The uncertain outcome of negotiations with China has accelerated supply chain reorientation. The share of US smartphone shipments assembled in China shrank from 61 per cent in Q2 2024 to 25 per cent in Q2 2025. Most of this decline has been picked up by India; the total volume of ‘Made-in-India’ smartphones grew 240 per cent year on year and now accounts for 44 per cent of smartphones imported into the US, up from only 13 per cent of smartphone shipments in Q2 2024.
In Q2, iPhone shipments declined by 11 per cent year on year to 13.3 million units, a correction from the 25 per cent growth in Q1 2025. Samsung’s shipments grew 38 per cent year over year to 8.3 million units. Motorola continued its expansion in the US, growing 2 per cent to 3.2 million units. Google and TCL rounded off the top five, with Google growing 13 per cent to 0.8 million while TCL declined 23 per cent, shipping 0.7 million units.
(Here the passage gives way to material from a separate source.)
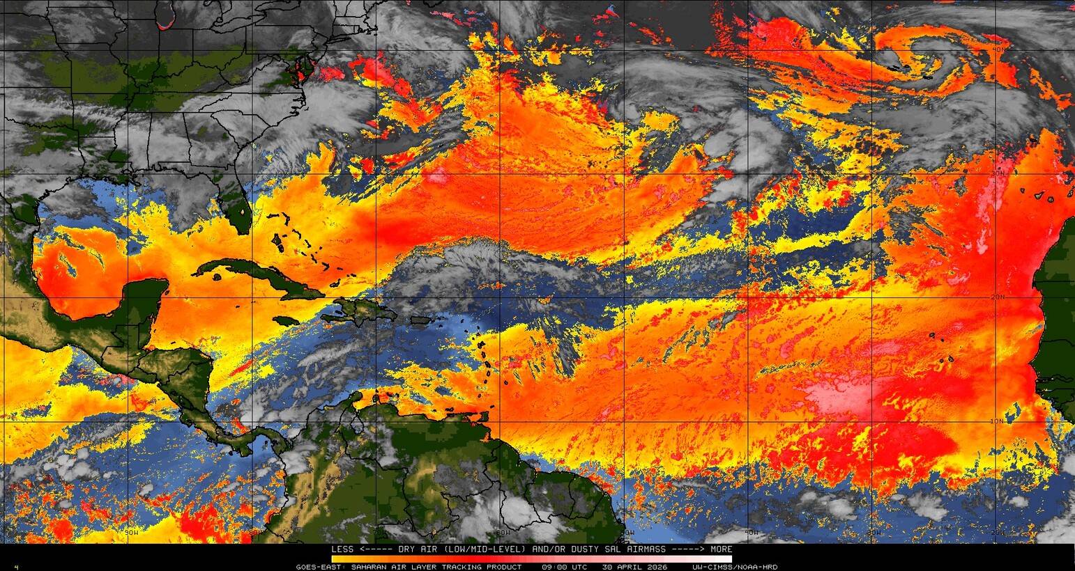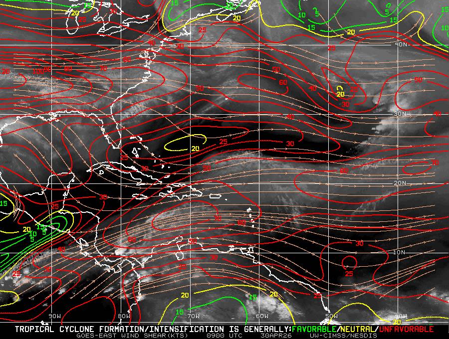 Il n’y a pas de cyclone ni de système surveillé par le NHC en Atlantique. Nous ne sommes pas actuellement en période cyclonique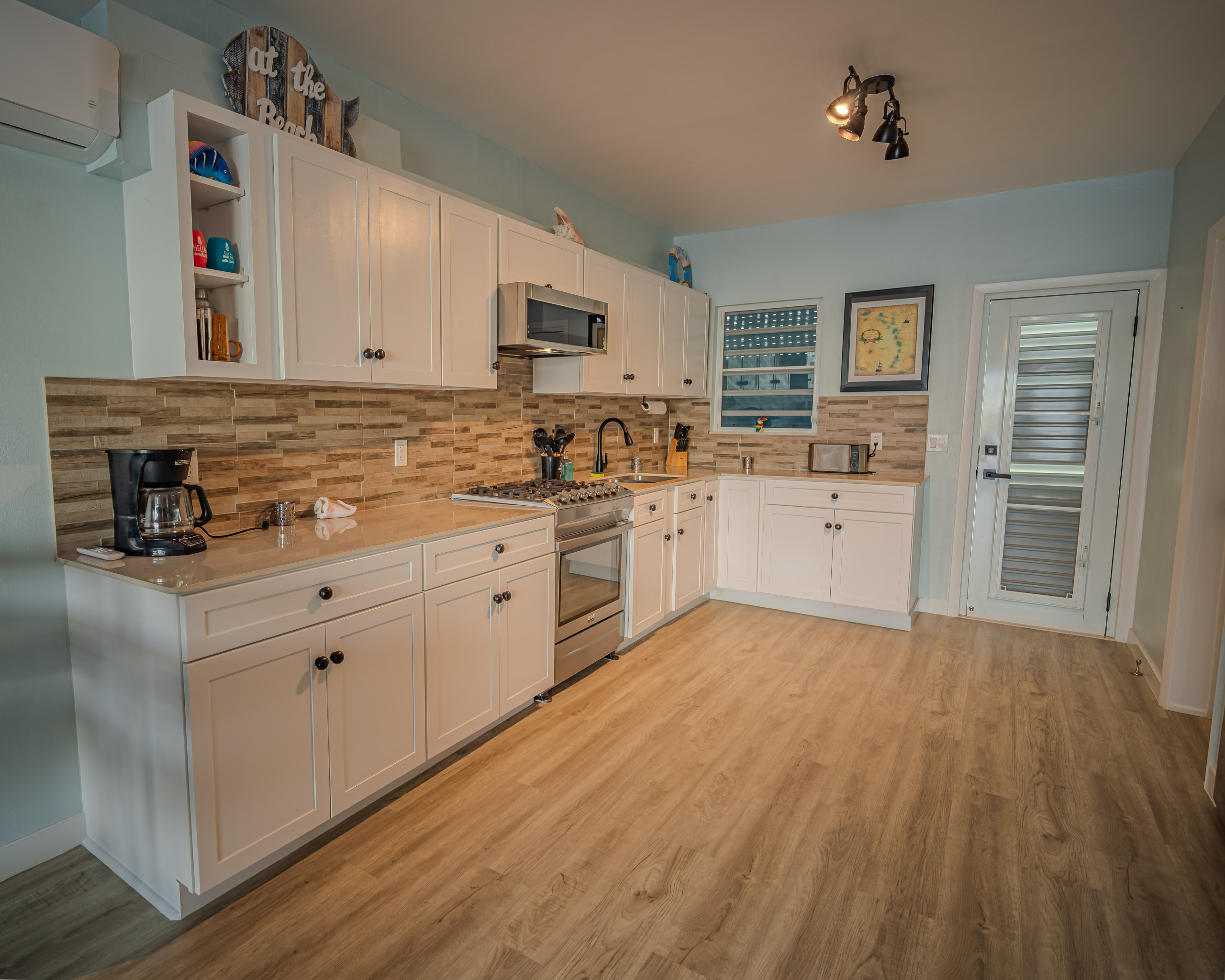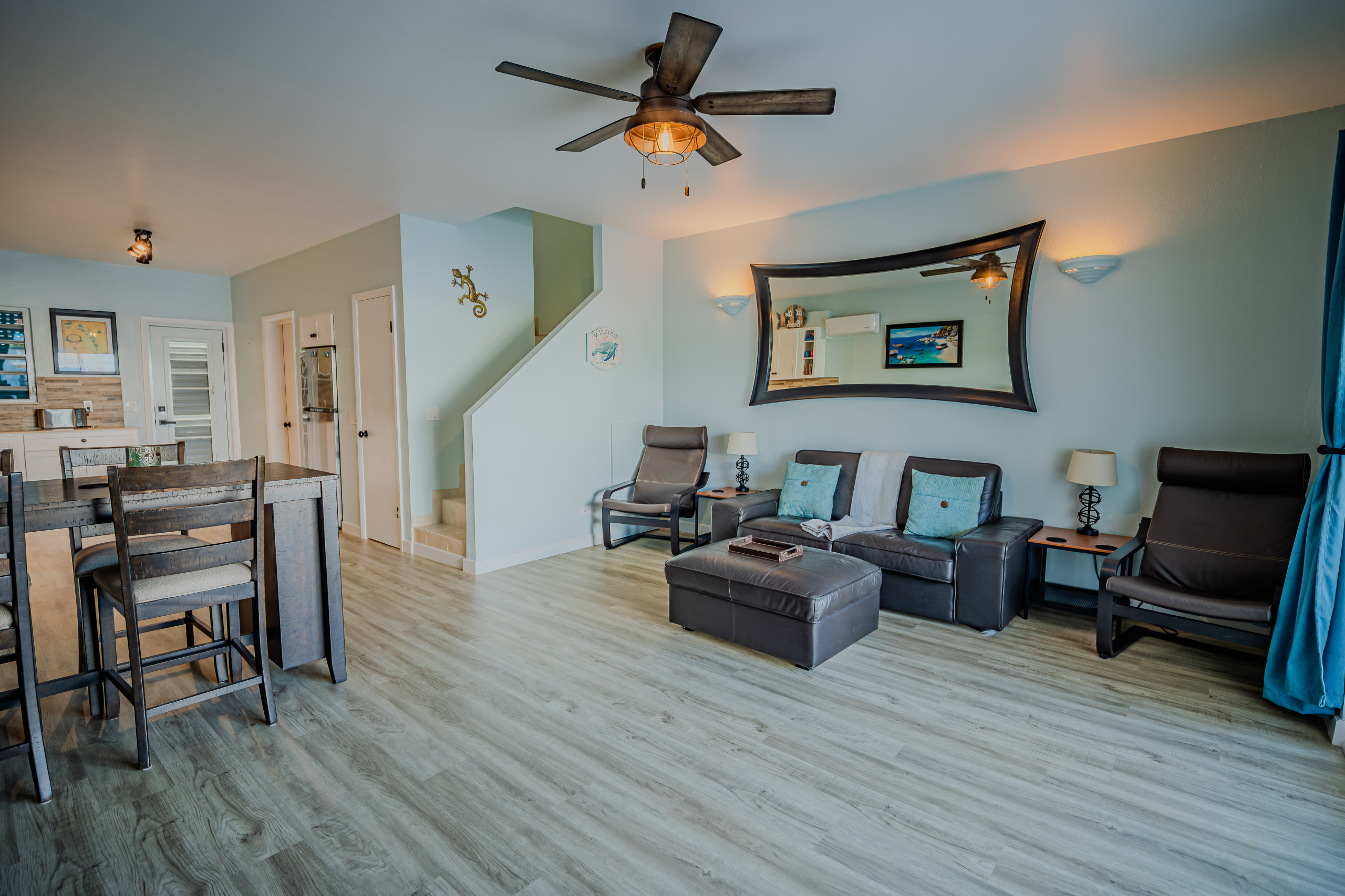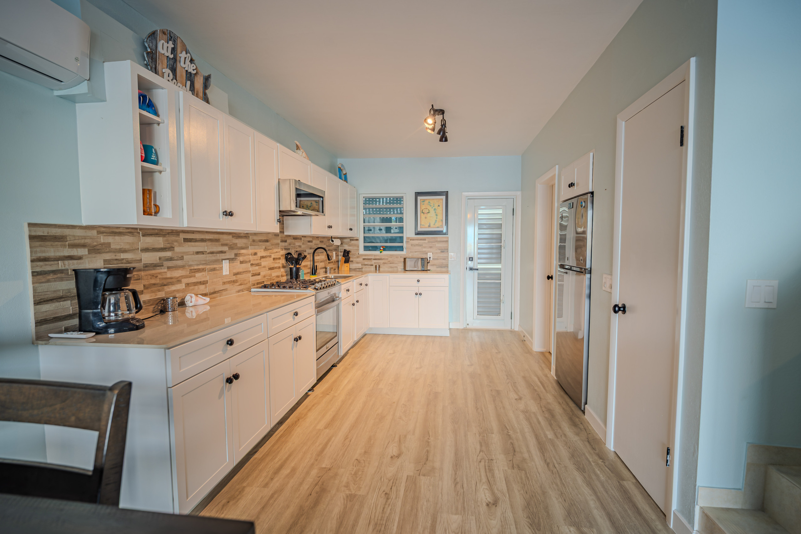 Step inside and be welcomed by a spacious open-plan layout, where sleek design meets effortless comfort. The state-of-the-art kitchen features stainless steel appliances, a stylish breakfast bar, and a chic dining area, ideal for entertaining or enjoying relaxed family meals. Throughout the villa, luxury vinyl plank flooring, ambient lighting, and sophisticated décor create a calming, coastal ambiance.

Vendors accelerate manufacturing diversification amid shifting geopolitical landscape
“India became the leading manufacturing hub for smartphones sold in the US for the very first time in Q2 2025, largely driven by Apple’s accelerated supply chain shift to India amid an uncertain trade landscape between the US and China,” said Sanyam Chaurasia, Principal Analyst at Canalys. “Apple has scaled up its production capacity in India over the last several years as a part of its ‘China Plus One’ strategy and has opted to dedicate most of its export capacity in India to supply the US market so far in 2025. Apple has begun manufacturing and assembling Pro models of the iPhone 16 series in India, but is still dependent on established manufacturing bases in China for the scaled supply needed for Pro models in the US. Samsung and Motorola have also increased their share of US-targeted supply from India, although their shifts are significantly slower and smaller in scale than Apple’s. Motorola, similar to Apple, has its core manufacturing hub in China, whereas Samsung relies mainly upon producing its smartphones in Vietnam.”
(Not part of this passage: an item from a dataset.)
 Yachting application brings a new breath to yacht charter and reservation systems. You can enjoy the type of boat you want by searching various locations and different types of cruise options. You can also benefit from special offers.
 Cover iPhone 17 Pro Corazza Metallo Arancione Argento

Vendors frontload shipments to mitigate tariff risk
“Vendors continue to frontload devices and maintain high inventory levels to best cope with the risk of tariffs coming into play later in the year,” said Runar Bjorhovde, Senior Analyst at Canalys. “Apple built up its inventories rapidly toward the end of Q1 and sought to maintain this level in Q2. Samsung scaled up its inventory stock in Q2, boosting its shipments to grow 38 per cent year on year, predominantly driven by Galaxy A-series devices. Yet, the market only grew 1 per cent despite vendors frontloading inventory, indicating tepid demand in an increasingly pressured economic environment and a widening gap between sell-in and sell-through. Even if smartphones remain exempted from tariffs, many other categories are impacted, which might greatly impact consumers’ spending patterns and keep smartphone demand modest in H2.”
Scale-driven polarisation intensifies as challengers struggle to justify US investment
“With the arrival of new requirements to local operations, uncertain tariff policies and pressured demand, it is becoming less attractive for mid-to-small-sized vendors to operate in the US, exemplified by HMD’s announcement to scale back its US operations,” added Bjorhovde. “Successful long-term strategies for smartphone vendors in the US require significant scale, but over 90 per cent of the market is held by the three largest vendors. That leaves a very small opportunity for the remaining vendors, focused on prepaid carrier slots or non-carrier-driven channel strategies. Currently, OnePlus and Nothing are attempting non-carrier-focused strategies, focusing on their direct websites, BestBuy, Walmart and Amazon, but their current scale remains limited, and ambitions are dependent upon scale in other regions. Reducing the large investments required to be included in portfolios or finding new incentives for vendors to build their own brick-and-mortar stores could help improve the market’s attractiveness.”